Signal has been the victim of a cyber attack which has exposed personal data of up to 1,900 of its users. The instant messaging application, known for offering a more private and secure alternative to WhatsAppconfirmed this Monday on his Twitter account.
Signal works with Twilio, an external company that performs a verification service for the phone numbers associated with the app through SMS messages. In early August, this company fell victim to a “sophisticated” computer assault which allowed attackers to penetrate their systems and gain control of sensitive customer data, including some Signal users. This was achieved by the method ‘phishing‘, which spoofed the identity of Twilio employees to gain access to the system.
The application, recommended by the former CIA analyst Edward Snowden For your security, you have now explained that this attack has compromised the data of 1,900 users, a small proportion of the more than 40 million users that Signal has worldwide. “All users can rest assured that their message history, contact lists, profile information, who they have blocked, and other personal data remain private and secure and have not been affected,” they said in a statement.
What to do if you have Signal?
Thus, the information stolen by the attackers could allow them to try to register the number of telephone of a Signal user on a new device.

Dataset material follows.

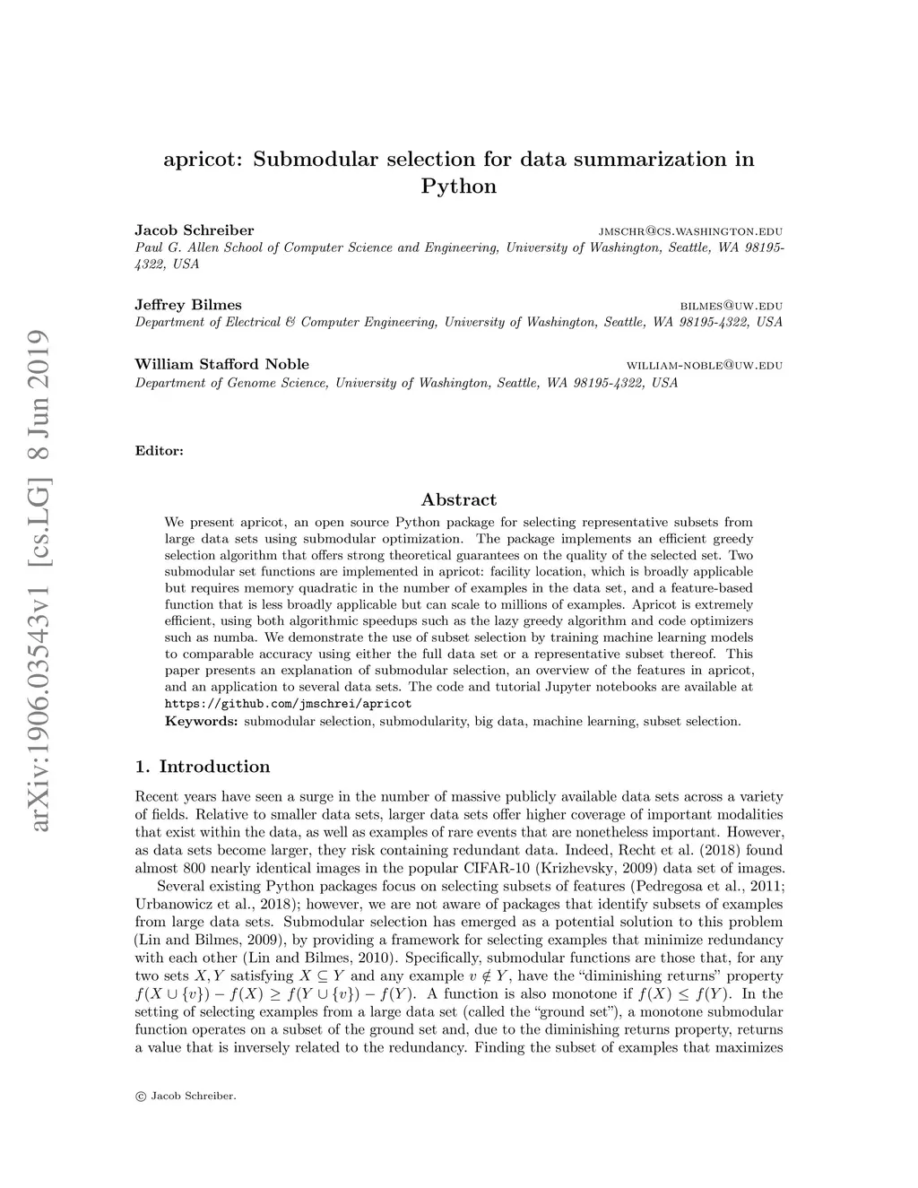 apricot: Submodular selection for data summarization in Python

This could happen in those accounts that did not have the registry lock activated. In this case, the attackers would not have access to the messages prior to the installation of the app, although they could use the account to impersonate the identity of the victim.
That is why the non-profit company has asked its users to activate the registry lock, a function that reinforces the security of the account by asking for the PIN to re-register the phone number. To do so, users can go to the app, settings, privacy, and then turn on that registration lock.